The current development of the survey package now has an experimental implementation of cross-validation using replicate-weight decompositions of the data. This is experimental. It is liable to change, and may contain nuts.

The basic idea, as studied by Amaia Iparraguirre is to decompose survey data in ways that respect the structure of the sampling¹.

Complex survey data typically have strata and clusters. The strata are a partition of the population into groups that we hope are different. We fix the sample size for each stratum in advance, with the result that between-stratum differences in a variable don’t contribute to the sampling uncertainty for summaries of that variable. The sample contains all the strata that are in the population.

Clusters are a partition of the population into groups that we fear are different, but which are convenient to sample. For cost reasons we can only sample a small fraction of the clusters, with the result that between-cluster differences in a variable often dominate the sampling uncertainty for summaries of that variable.

Suppose we have an NHANES survey dataset with, perhaps, two clusters sampled in each of 15 strata. We want to divide the data into groups for training/test validation. If we divide the data into 10 groups at random then each cluster is likely to be represented in many or all of the groups. If we then train a model on 9 groups and test it on the 10th group, the training and test errors will tend to be correlated because of sharing the clusters. You might imagine that this will have some effect on model selection, and it does – the impact is much smaller than the impact of ignoring weights, but it is real. When there are cluster-level variables, using a cross-validation split that ignores clustering tended to choose a lasso regularisation parameter that was smaller than ideal, resulting in overfitting of the model.

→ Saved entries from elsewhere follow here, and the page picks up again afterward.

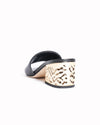 Tory Burch Everly Block Heels In Black With Gold Tone Accent
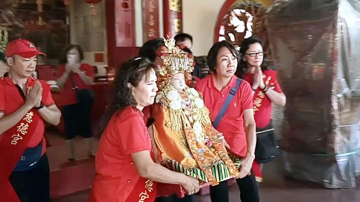 SURYA.CO.ID, TULUNGAGUNG - Makco, dewa utama di Klenteng Tjoe Tik Kiong Tulungagung, Jawa Timur (Jatim), mudik ke kampung halamannya di Pulau Meizhou, Fujian, Tiongkok.
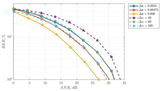 Let us perform a classical BER analysis using direct error counting for the ranges of parameters and values given in Table 1. It should be noted that we used a relatively small range of parameters for the system, resulting in relatively low noise immunity [54], because in this study, we focused on investigating a CCS with a certain low level of noise immunity with the purpose of disclosure of the most covert modulation technique.
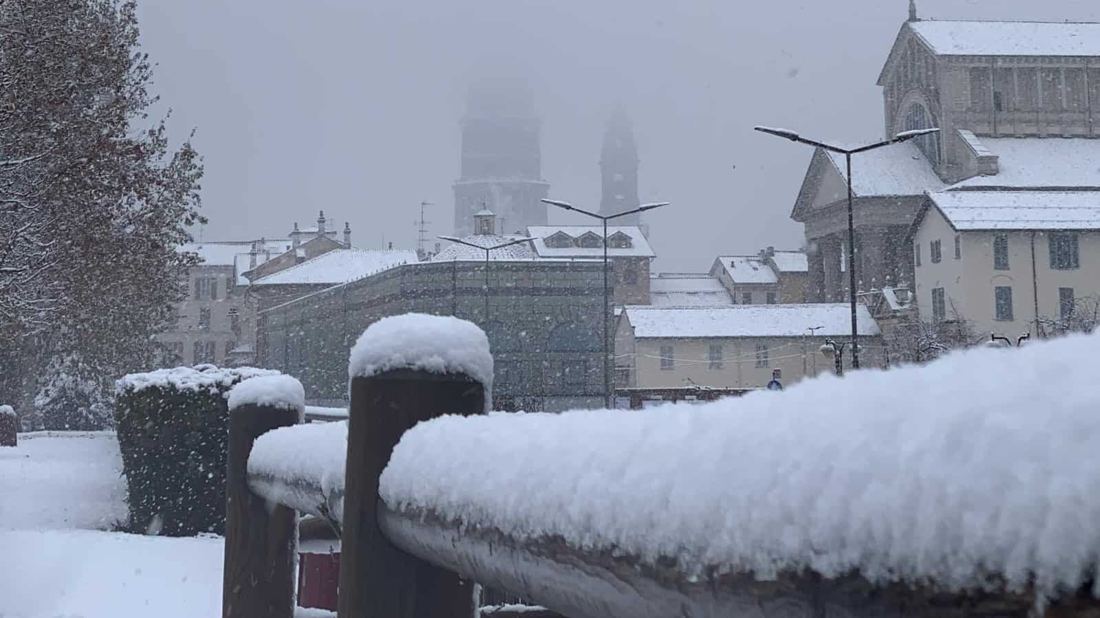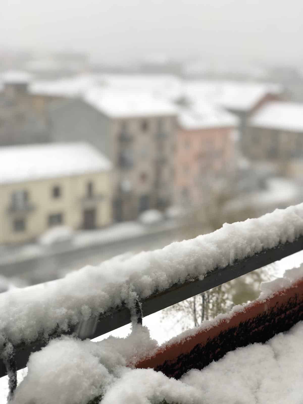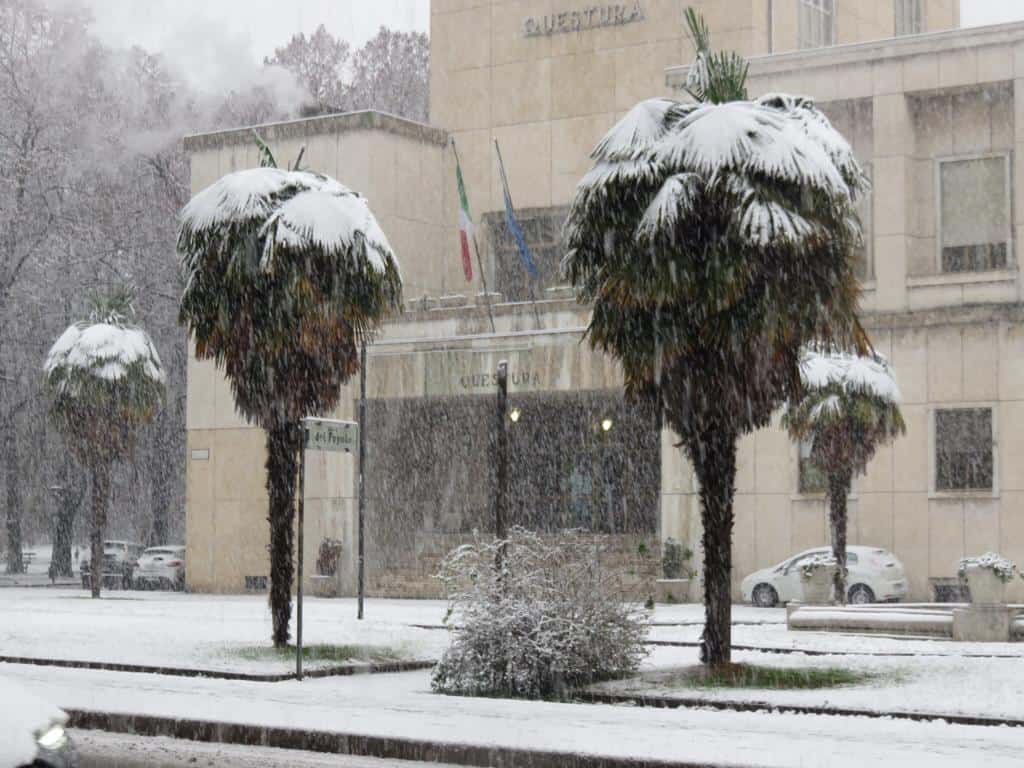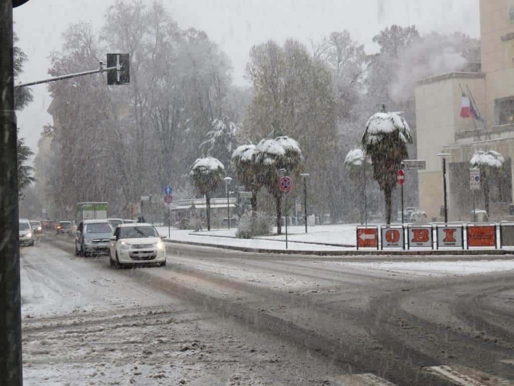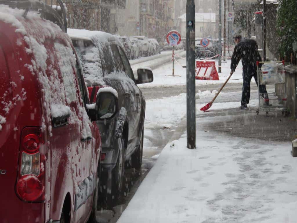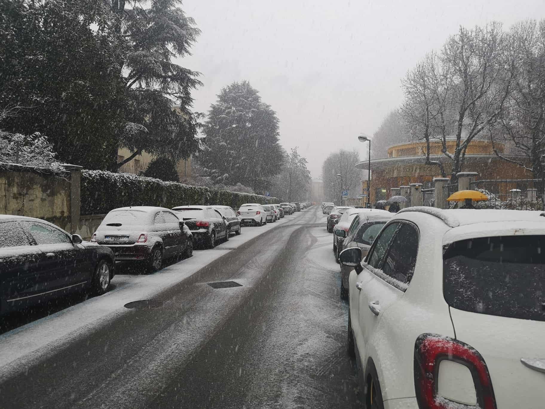 Oltre 10 centimentri di neve sono già caduti e le precipotazioni nevose dovrebbero andare avanti fino alle 15. In serata sono attese le piogge che scioglieranno parte della neve caduta.

We can improve on simple random division of the population into training and test sets by ensuring that whole clusters are assigned to either training or test sets. That still leaves the question of how to assign clusters, but this question has already been addressed in the context of variance estimation. Replicate weight variance estimation is a class of resampling approaches to variance estimation, extensions of the jackknife and bootstrap to survey data. Replicate weights are designed by setting the weights of observations in some clusters to nearly zero and other clusters to nearly their sampling weights. In a jackknife, one cluster will have zero weight and the others will have weight close to their sampling weight; in a bootstrap, about 37% of clusters will have zero weight and 63% will have weight close to 1 or 2 or some other small multiple of their sampling weight. There are also split-half replicates where half the clusters have zero weight and the other half have double weight.

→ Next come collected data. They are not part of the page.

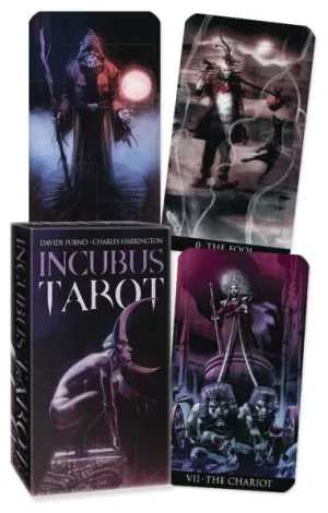 Product Descrpition: Hiding down in the obscure depths of our consciousness is a world that only reveals itself during sleep, when the mind has fallen into the hands of the subconscious. As your inhibitions fade, the dark lords of Incubus Tarot appear. This nightmare-themed deck by Davide Furnò opens the gate to a dark and barren realm, inhabited by surreal creatures that evoke your innermost fears and challenge you to overcome them. With Charles Harrington's book to guide you, your journey through danger will lead to remarkable insight and confidence.
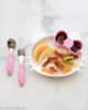 シリコンの持ち手が滑りにくく持ちやすい、フォークとスプーンのセット。
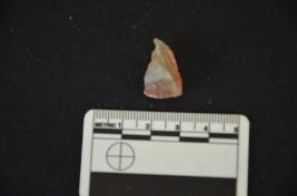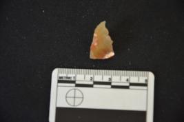 | Description / विवरण | A chalcedony heated point with retouch near the pointed tip. It is a rough square. |
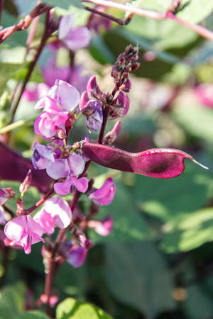 Dolichos flower blooming lilac color among bright green leaves outdoor.
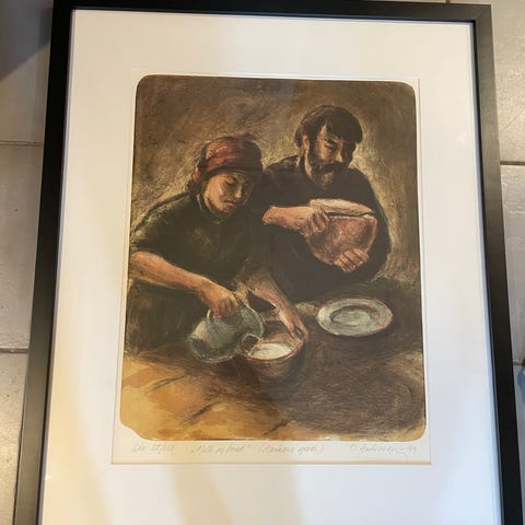 Dett er et øyblikksbilde malt av Morten Müller. Kanskje noe av det fineste med bilde er påskriften bak på maleriet som jeg tolker til ca "Just tid ta male ta lita alv".
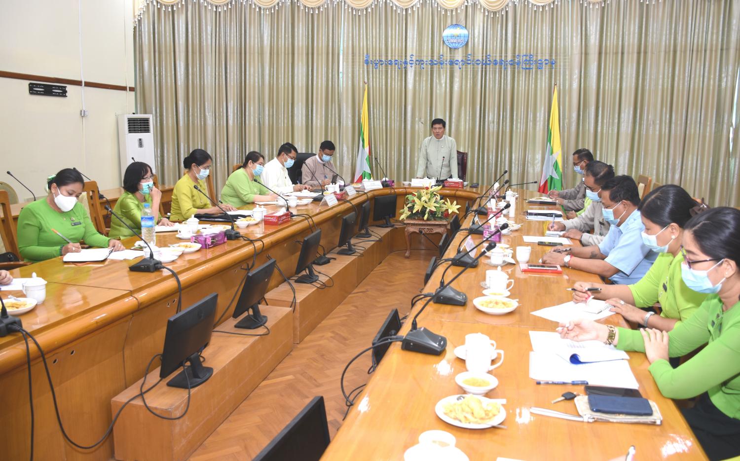 ထို့နောက် ဒုတိယဝန်ကြီး ဦးညွန့်အောင်နှင့် အမြဲတမ်းအတွင်းဝန် ဦးမင်းမင်းတို့က မူပိုင်ခွင့် ဦးစီး ဌာနနှင့်ပတ်သက်၍ ဝန်ကြီးဌာနအနေဖြင့် ဆောင်ရွက်နေမှု၊ ဆက်လက် ဆောင်ရွက်ရမည့်လုပ်ငန်း များကို ရှင်းလင်းတင်ပြကြပြီး မူပိုင်ခွင့်ဦးစီးဌာန ညွှန်ကြားရေးမှူးချုပ် ဒေါက်တာမိုးမိုးသွယ်က မူပိုင်ခွင့်ဦးစီးဌာန၏ လုပ်ငန်းများဆောင်ရွက်နေမှု၊ ဆက်လက်ဆောင်ရွက်မည့် လုပ်ငန်းများ၊ ကုန်အမှတ်တံဆိပ် မှတ်ပုံတင်ခြင်းဆိုင်ရာ ဆောင်ရွက်နေမှုများနှင့် ဆက်လက်ဆောင်ရွက်ရမည့် လုပ်ငန်းများကို ရှင်းလင်းတင်ပြပြီး တင်ပြချက်များအပေါ် ဒုတိယဝန်ကြီးနှင့် အမြဲတမ်း အတွင်းဝန် တို့က လိုအပ်သည်များ ဖြည့်စွက်ပြောကြားကာ ပြည်ထောင်စုဝန်ကြီးက လိုအပ်သည်များ ပေါင်းစပ် ညှိနှိုင်းပေးခဲ့ကြောင်း သိရသည်။
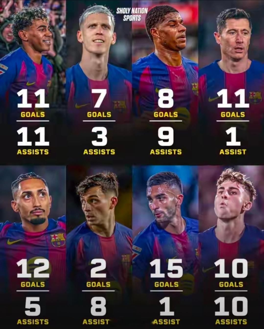 西甲争冠为啥看好1分领跑的巴萨?因为多点开花 8人参与进球上双西甲第21轮战罢,巴萨和皇马都赢球了,这样巴萨依然是1分力压皇马领跑西甲积分榜。为什么有更多的媒体和球迷看好巴萨可以夺得本赛季的西甲冠军?虽然皇萨两队的防守都不怎么样,但巴萨的进攻比皇马更犀利,主要体现在多点开花上。巴萨本赛季多达8人参与进球上双:亚马尔:参与22球,11球11助。费尔明:参与20球,10球10助。拉菲尼亚:参与17球,12球5助。拉什福德:参与17球,8球9助。费兰-托雷斯:参与16球,15球1助。莱万:参与12球,11球1助。佩德里:参与10球,2球8助。奥尔莫:参与10球,7球3助。不得不说巴萨进攻真核是拉菲尼亚,因伤缺席了这么久,复出之后火力全开,已经参与17球,追平了拉什福德,曼联太子要想留在巴萨,本赛季剩余赛程仍需努力,再帮助巴萨夺上几冠。足球

The advantage of replicate weights as an approach to training/test division is that they have already been studied for a long time. Some surveys come equipped with replicate weights (eg, the American Community Survey or the California Health Interview Survey or New Zealand’s Te Kupenga). For surveys that don’t have built-in replicate weights the survey package already has algorithms to construct them.

Implementation

The development version can be downloaded from R-forge.² For replicate-weight designs there is a new function withCrossval that accepts a description of variables to use, a model training function, and a model testing function.

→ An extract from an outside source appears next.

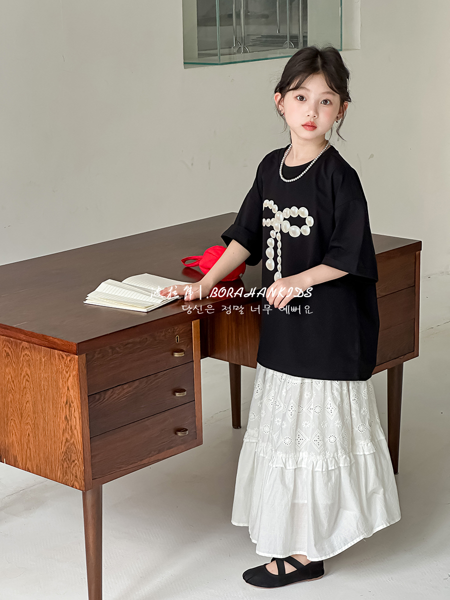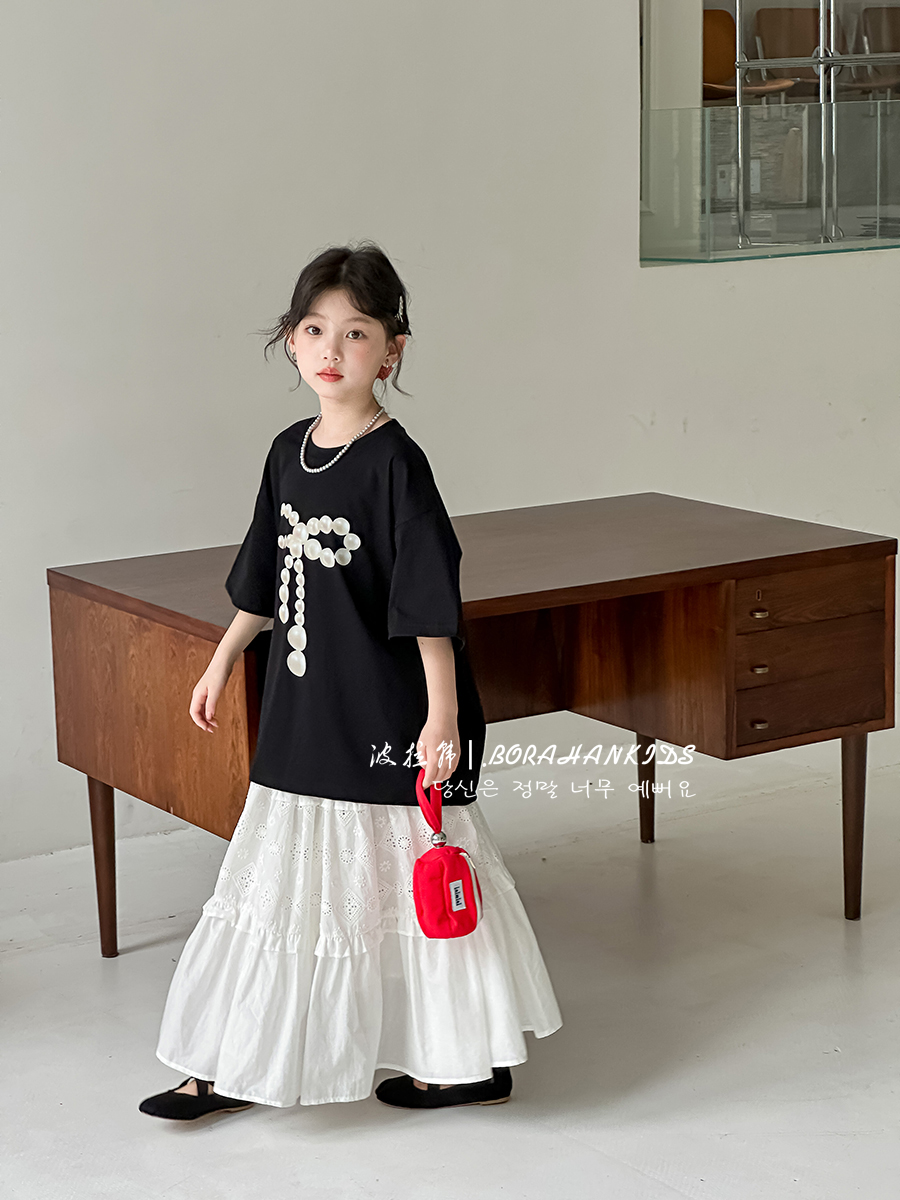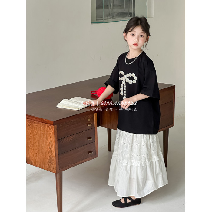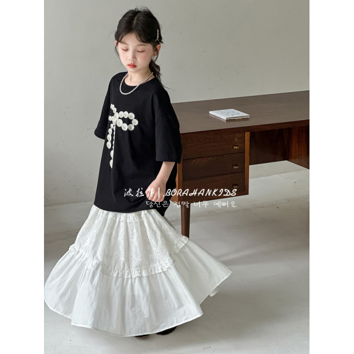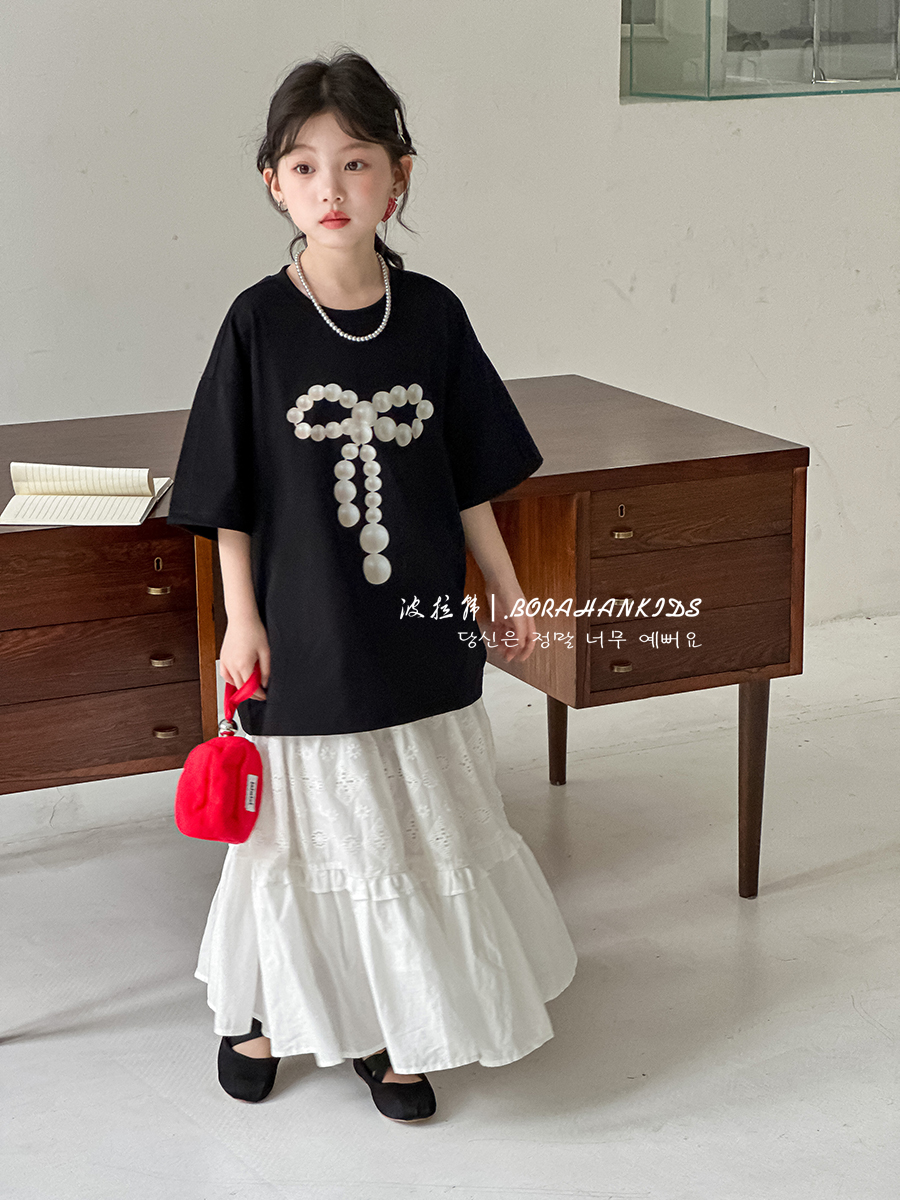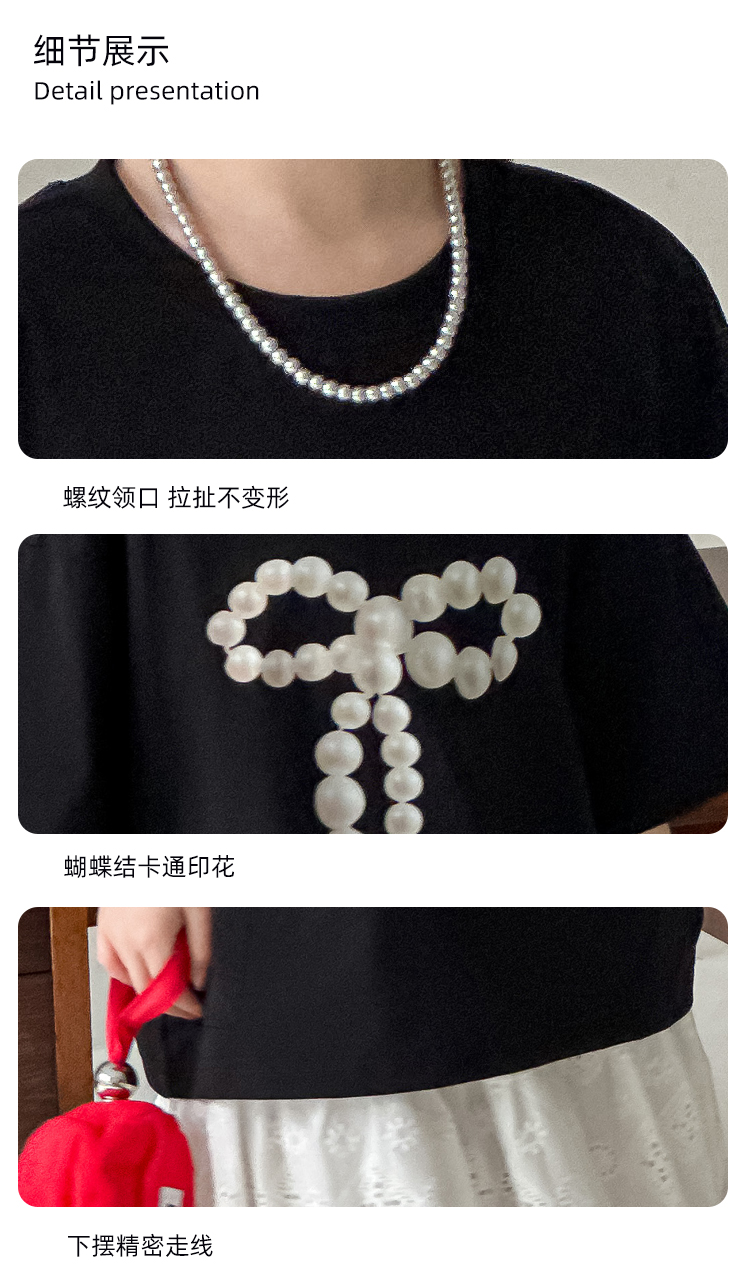 波拉韓女童短袖夏季兒童蝴蝶結T恤2025新款女孩半袖t中大童體恤

For example, here is a survey sample with jackknife replicate weights

suppressMessages(library(survey))
 data(api)
rclus1<-as.svrepdesign(svydesign(id=~dnum, weights=~pw, data=apiclus1,
fpc=~fpc))
rclus1

## Call: as.svrepdesign.default(svydesign(id = ~dnum, weights = ~pw, data = apiclus1, 
##     fpc = ~fpc))
## Unstratified cluster jacknife (JK1) with 15 replicates.

We want to fit a lasso model The training function takes a (training-set) design matrix $X$ , a response $y$ , weights $w$ , and a tuning parameter that specifies how many variables we want in the model. It fits with glmnet and returns the model and the value of the regularisation parameter $λ$ that gives the requested number of parameters

  library(glmnet)

## Loaded glmnet 4.1-7

  ftrain=function(X,y,w,tuning) {
   	m<-glmnet(X,y,weights=w)
   	lambda<-m$lambda[min(which(m$df>=tuning))]
 	list(m,lambda)
  }

The test function takes the test-set design matrix and the output from the training function, and returns predictions from the fitted model at the value of $λ$ we chose in training

   ftest=function(X, trainfit, tuning){
   	predict(trainfit[[1]], newx=X, s=trainfit[[2]])
   }

The cross-validation function takes a survey design object (providing data and weights), a model formula specifying which variables to use, the training and test functions, and the range of tuning parameters to try. It splits the data up into training and test sets, trains, tests, and repeats this for each training/test split and each value of the tuning parameter

  withCrossval(rclus1, api00~api99+ell+stype+mobility+enroll,
    trainfun=ftrain,
    testfun=ftest,
    intercept=FALSE,loss="MSE",
    tuning=0:3)

## [1] 11445.2379  9649.1150   800.0742   787.4171

The cross-validation mean squared error goes down a lot with the first and second variables added, but changes little with the third variable.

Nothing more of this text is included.